If you are not offered a place at your preferred school, you have the right to appeal to an independent appeals panel. However this does not guarantee that you will get a school place.
It is very important that you look carefully at all other schools with empty places. Visit them with your child. If you feel that these schools are not right for your child you must add your reasons to your case, explaining the problems your child will face.
Making an Appeal
- Phone the admissions and appeals team to get an appeal form
- Prepare the form and any evidence you might have to back up your appeal. You should state all the reasons for your appeal, why this school would be good for your child. Reflect the views of your child in the appeal.
- You can use other supporting evidence such as any medical reasons.
- Good preparation will be vital to the appeals hearing. The more time, effort and work you put in the greater the chance of success.
- Any appeal forms should be returned within 14 days of receiving the letter to say that your child has not received the preferred school.
- You can send other evidence after this date if it is not ready.
- You will hear from the clerk to the appeals panel when your hearing will be.
- You should be prepared to go to the appeals hearing. You can take a friend.
There is normally three people on the panel including a clerk to take notes. They are independent of the school and admissions authority and are trained for this role. They must be fair to all parties at all times.
Clerk to the panel They will make sure that you understand the procedure and that the relevant facts are presented, and give independent advice on the law. They will make a written record of the appeal
Presenting Officer This person comes from the admissions authority and they present the decision not to admit the child as clearly as possible. They must be prepared to answer detailed questions.
As a Parent you can also attend the appeals hearing and take a 'friend' (this could be someone who will support you through the appeals process). Alternatively a representative could go on your behalf to the hearing. Your role will be to present your case to the panel and be prepared to answer any questions. You can also ask the presenting officer any questions you may have.
How the Panel reaches a decision
There are two stages;
Has the school reached its published admissions number?
Have the rules have been followed?
The panel will make a balanced judgement. They will consider whether the benefits for your child going to the school you are appealing for outweigh the negative effects on the school having one more pupil. They will need to decide which case is stronger. If they decide your case is stronger they will up hold your appeal.
- Further appeals can not be made once the panel has made a decision.
- You can only make one appeal every academic year unless there is a significant and material change in circumstances of family, child or school.

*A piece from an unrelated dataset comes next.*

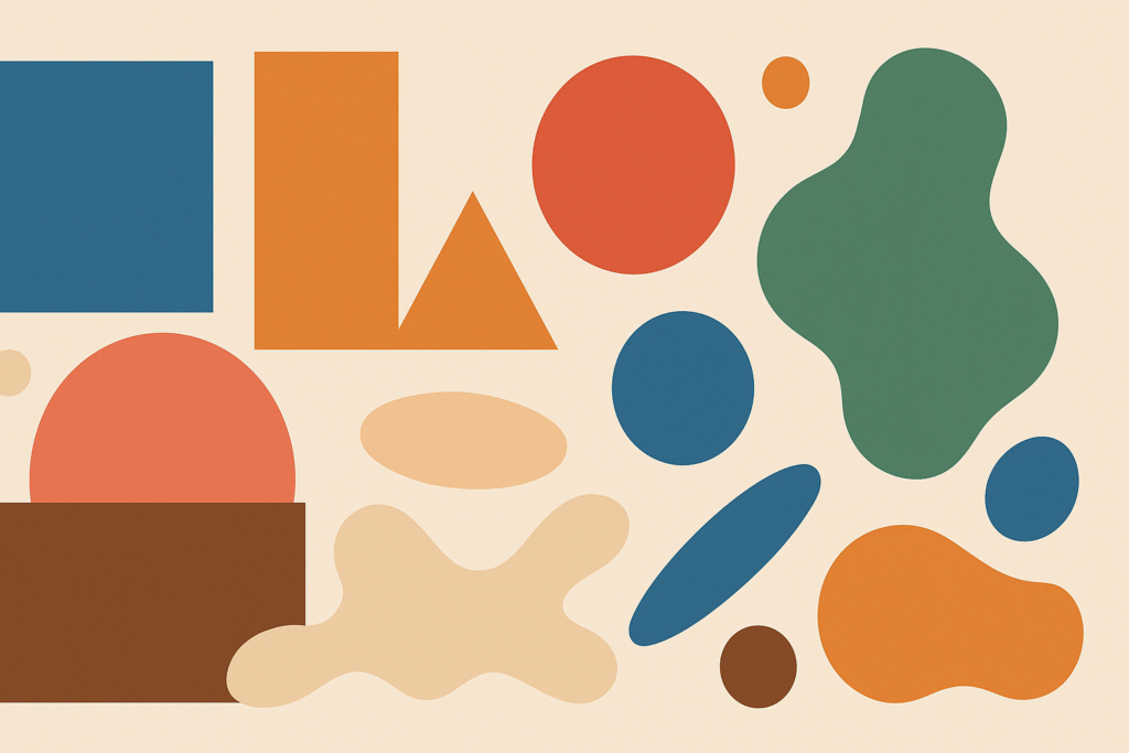 Organic shapes, also known as freeform or amorphous shapes, are irregular and asymmetric, often found in nature. They are less structured than geometric shapes and tend to evoke more natural, comfortable, and unpredictable feelings.

- If you are unhappy about the panel's decision because the correct procedures were not followed then you are able to appeal to the Ombudsman to investigate.
Community and Voluntary Controlled Schools
In these schools it is West Berkshire Council that decides the rules for school admissions. These are known as the Admissions criteria.
Voluntary Aided and Foundation Schools
Admissions for these schools are decided by the school governors.
Pupils who have a Statement of Special Educational Needs
Should your child have a statement of Special Educational Needs, your right of appeal for a place at your preferred school is through the SEN tribunal, details of which should have been supplied at the time of the statement being made, or at the annual review.